Creation of process design data Once the component configuration table classified for each product type is created as described above, the process divided into each of the systems 5 to 7 based on the configuration table is then performed. Design data 5b, 6b, 7b
Is generated as shown in FIG. That is, regarding the process design data 5b for the main line 3,
From the parts configuration table, a part number whose upper one digit of the supply destination identification number is 3 is selected as a part or semi-finished part required for assembly.
From this, for example, regarding product XXX, product number 12001
And part number 11002 and part number 01007 are selected. As shown in the figure, the semi-finished product of the product number 12001 is supplied to the station 310 of the main line 3 and the product 11
002 semi-finished product is the main line 3 station 320
Are supplied to the station 330 of the main line 3 and the part number 120007 is supplied.
The contents of creating a product XXX from the semi-finished products 1 and 11002 and the part with the product number 01007 are digitized. Here, the semi-finished product of the product number 12001 constituting the product XXX is regarded as a “part”. The products YYY, ZZZ,... Are similarly converted into data, and the process design data 5b for the main line 3 is created. Similarly, the process design data 6b for the subline 2 is created. In this case, first, a part number whose upper one digit of the supply destination identification number is 2 is selected from the parts configuration table as a part or a semi-finished part required for assembly.
Next, a part number having a supplier identification number of 12 is selected as a semi-finished product to be assembled from the parts configuration table. As a result, for example, for product XXX, product number 110
01 and 01003 are selected as necessary parts and semi-finished products, and a part number 12001 is selected as a semi-finished product to be assembled. The products YYY, ZZZ,... Are similarly converted into data, and the process design data 6b for the sub-line 2 is created. Hereinafter, similarly, process design data 7b for the kit site 1 is created as shown in FIG.

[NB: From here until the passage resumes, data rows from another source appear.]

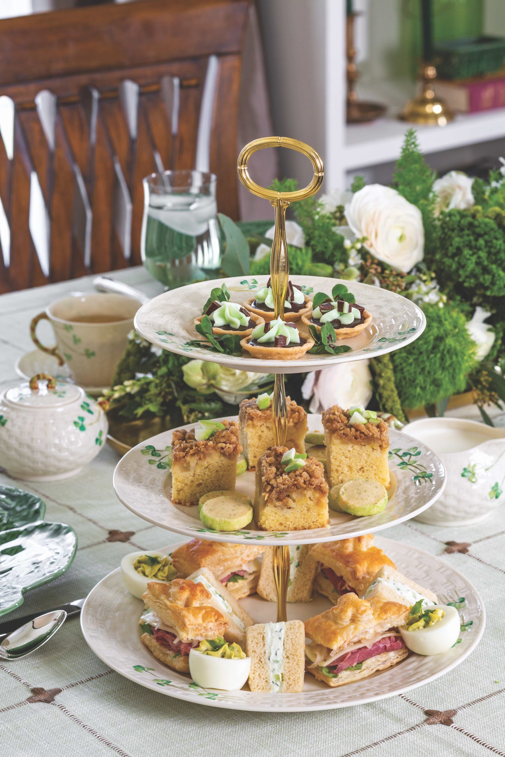 TeaTime March/April 2023 Issue Preview February 17, 2023 FacebookTwitterPinterestWhatsApp Ode to the Irish A lovely table adorned in green and white sets a picture-perfect scene to celebrate St. Patrick’s Day on March 17 amongst shamrocks and inspired cuisine, like Grasshopper Mini Tartlets and Irish Apple Cakes.
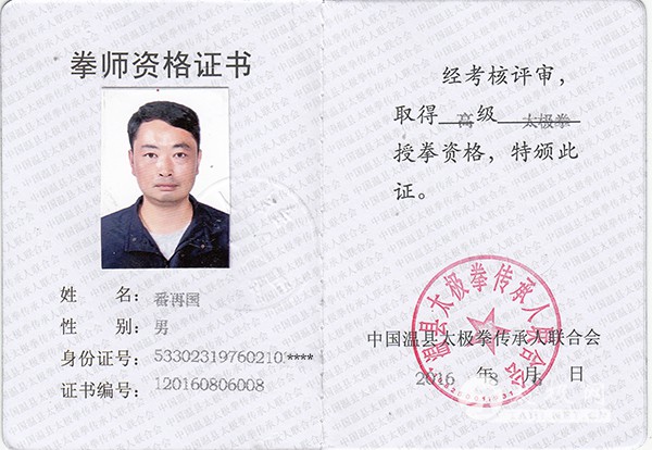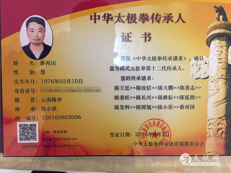 番再国在陈家沟 番再国,男,1976年2月10日生于云南省腾冲市。国际太极拳大师陈小星入室弟子,陈家沟陈氏太极拳第十二代传人,陈家沟陈氏太极拳百杰之一,现任陈家沟太极拳协会云南腾冲分会会长兼教练,太极网腾冲分站站长,中国武术协会会员、云南省武术协会委员。 番再国 番再国,中国武术五段、国家武术一级裁判员。 出于对武术事业的热爱及对陈家沟陈氏太极拳的忠爱,为响应国家号召,传承中华武术之精髓,于2017年出资创建了陈家沟太极拳协会云南腾冲分会,为众多云南腾冲的武术爱好者提供了一个交流、学习的场所。 番再国于2016年8月先后取得中国陈家沟第三届国际太极拳大赛一等奖金牌一枚,第十一届香港国际武术比赛一等奖金牌一枚、二等奖银牌一枚。 番再国在腾冲传播太极拳 番再国多年来一直坚持传播和推广太极拳,他希望能够通过自己的努力,让更多的人了解和认识太极拳,把自己的全部力量奉献给太极文化的弘扬、传承和传播,为推动全民健身运动做出自己的贡献。 番再国拳照赏析: 番再国在陈家沟 番再国在陈家沟 番再国在陈家沟 番再国在陈家沟 学拳电话:15911910760 拳馆地址:腾冲市极边印象酒店顶楼 本站编辑:太极网陈超 |
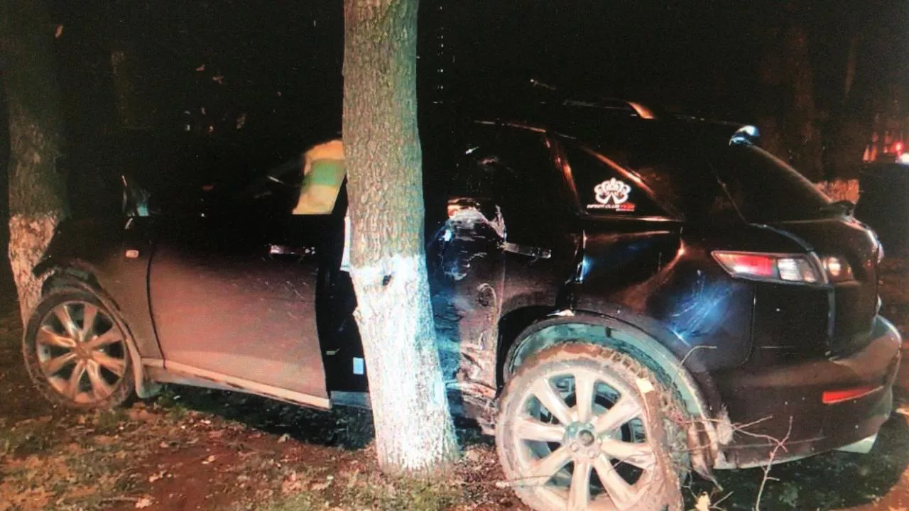 Авария произошла около 3:00 на улице Героев-Разведчиков. По предварительным данным, водитель Infiniti превысил скорость, не справился с управлением и наехал на бордюр. После этого машину отбросило на пешеходное ограждение и она врезалась в дерево.
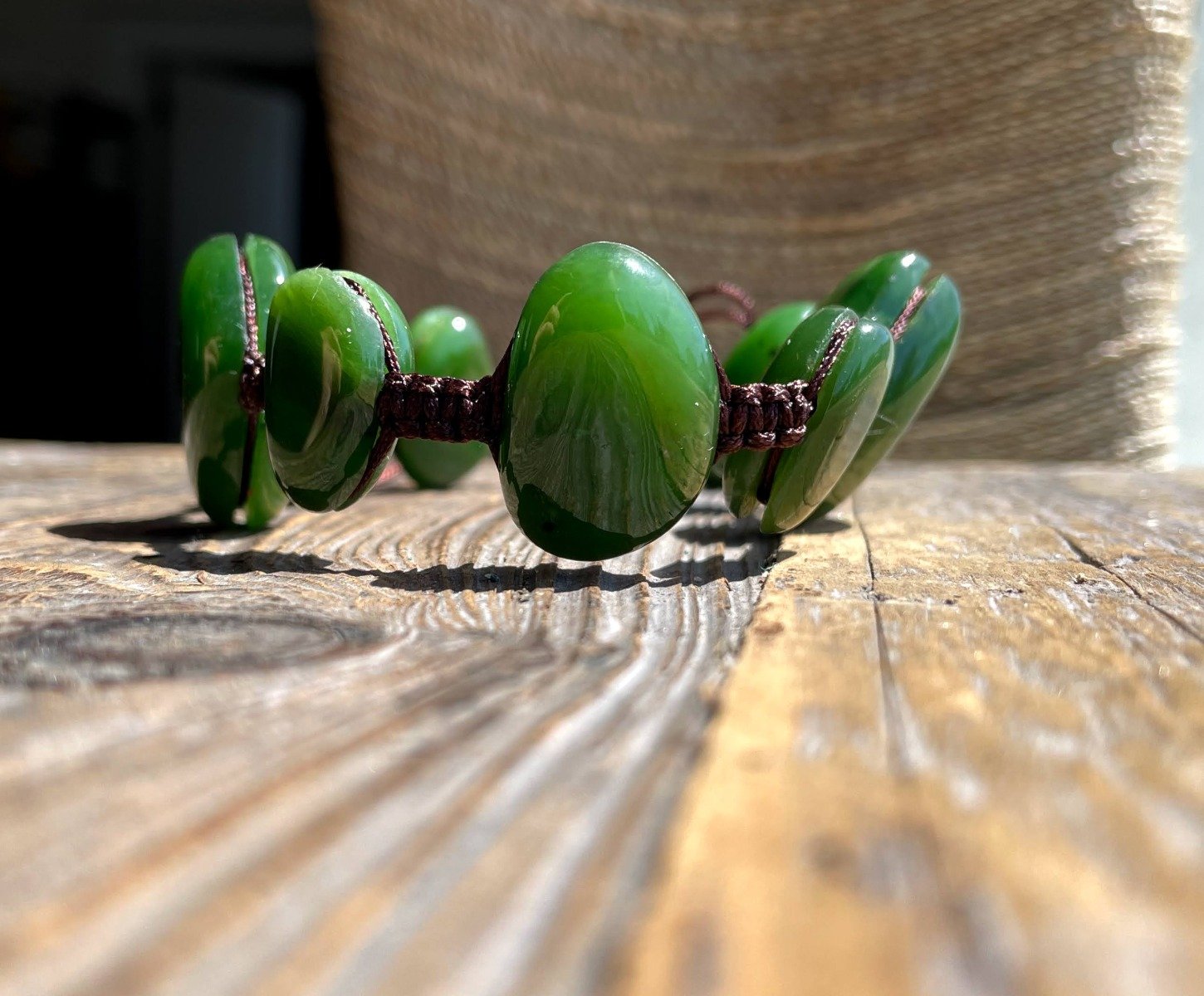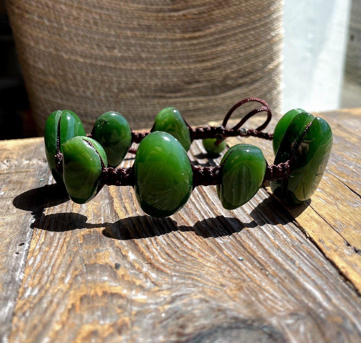 Jade Bracelet, corded with macramé cord with an adjustable closure.
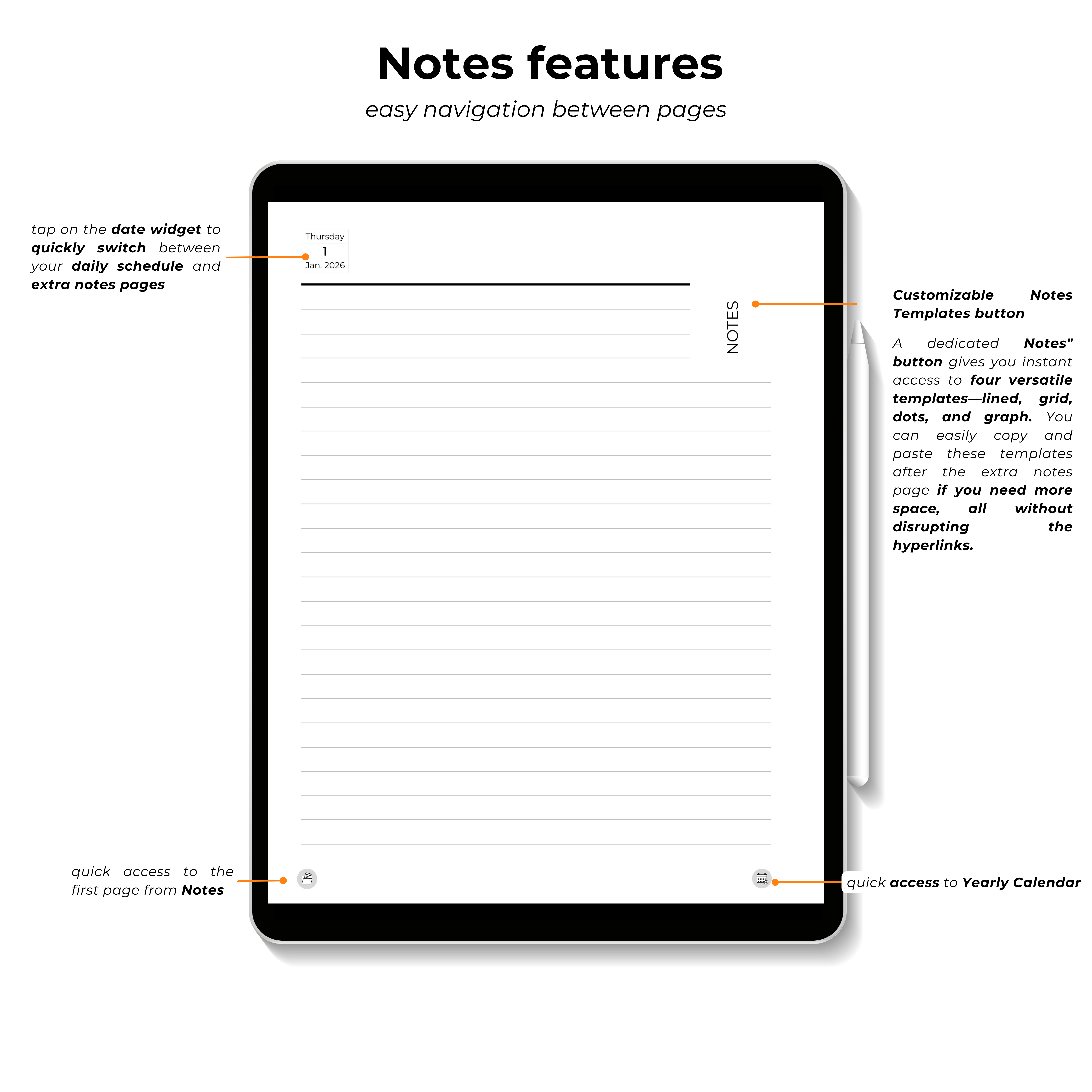 A dedicated Notes" button gives you instant access to four versatile templates—lined, grid, dots, and graph. You can easily copy and paste these templates after the extra notes page if you need more space, all without disrupting the hyperlinks.
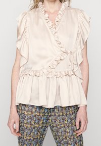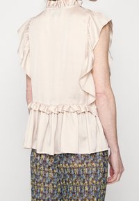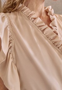 Blouse longue à manches longues rose clair avec un décolleté en V et un détail de volants à l'avant ; tissu lisse et poignets boutonnés.
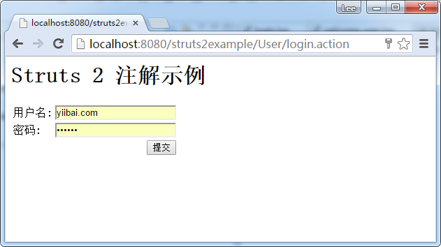 <%@ page contentType="text/html; charset=UTF-8"%> <%@ taglib prefix="s" uri="/struts-tags"%> <html> <head></head> <body> <h1>Struts 2 注解示例</h1> <s:form action="Welcome"> <s:textfield name="username" label="用户名" /> <s:password name="password" label="密码" /> <s:submit value="提交"/> </s:form> </body> </html>
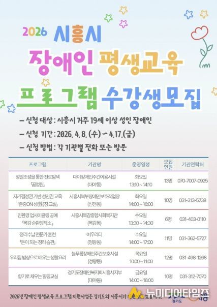 시흥시가 관내 성인 장애인의 학습권 보장과 사회참여 확대를 위해 ‘2026년 장애인 평생교육 프로그램 지원사업’을 본격적으로 시작하며, 4월 8일부터 17일까지 프로그램 운영을 위한 학습자를 모집한다.
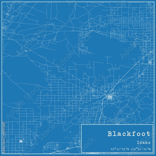 Obraz premium Blueprint US city map of Blackfoot, Idaho.
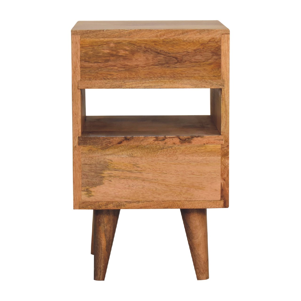 This mini white and grey gradient bedside has been constructed from 100% solid mango wood in an oak-ish finish and would be a perfect companion beside any bed, it stands on 4 Nordic-style legs and features 2 hand-painted grey and white handy drawers and 1 shelf in the middle. It can be partnered up with the other products from the range or stand-alone. A perfect addition to any home. This product is part of the Recession Collection. Height: 50 cm, Width: 30 cm, Depth: 30 cm Carton Height: 45.0 cm, Carton Width: 40.0 cm, Carton Depth: 40.0 cm
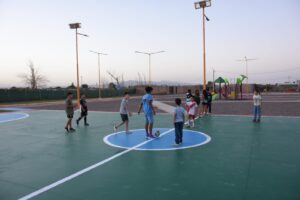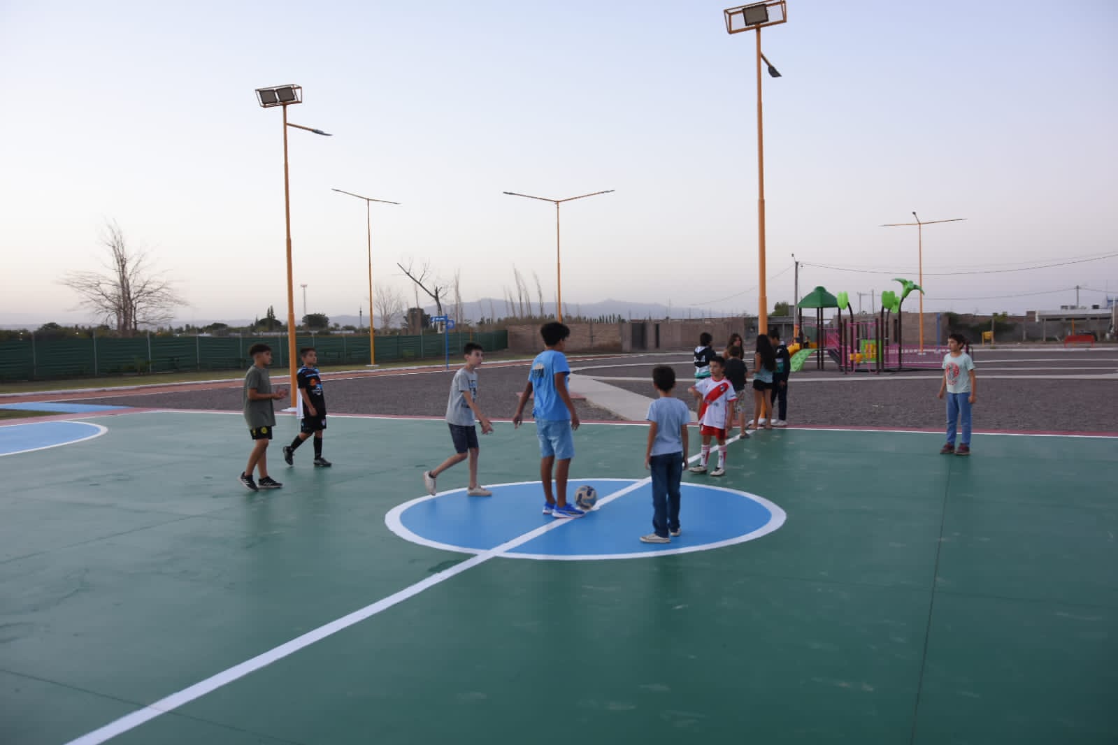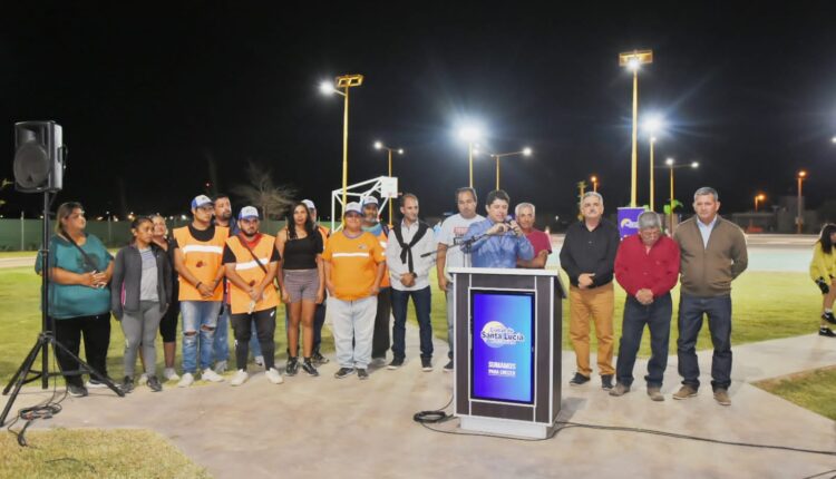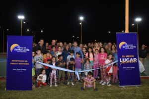 En Santa Lucía inauguraron una plaza que tiene hasta una pista de atletismo.

As described above, the assembling process in one step (for example, the sub-line 2) is performed by combining a plurality of types of parts used for assembling and a part number of semi-finished products regarded as "parts" with 1
It is represented by the part number of the semi-finished product (including product) to be assembled. Also, a semi-finished product (for example, product number 11001) of one step (for example, kit hall 1) is regarded as a “part” in the next process (for example, subline 2), and
Since it is specified by 1001, the connection between the preceding and following processes can be simply expressed as a solid arrow. Conversely, a plurality of arrows are not connected toward the product number 11001 of the sub line 2. When a common part or semi-finished product is used between different types of products, for example, between XXX and YYY, it can be described using the same part number (for example, 11001) as shown by a thick arrow.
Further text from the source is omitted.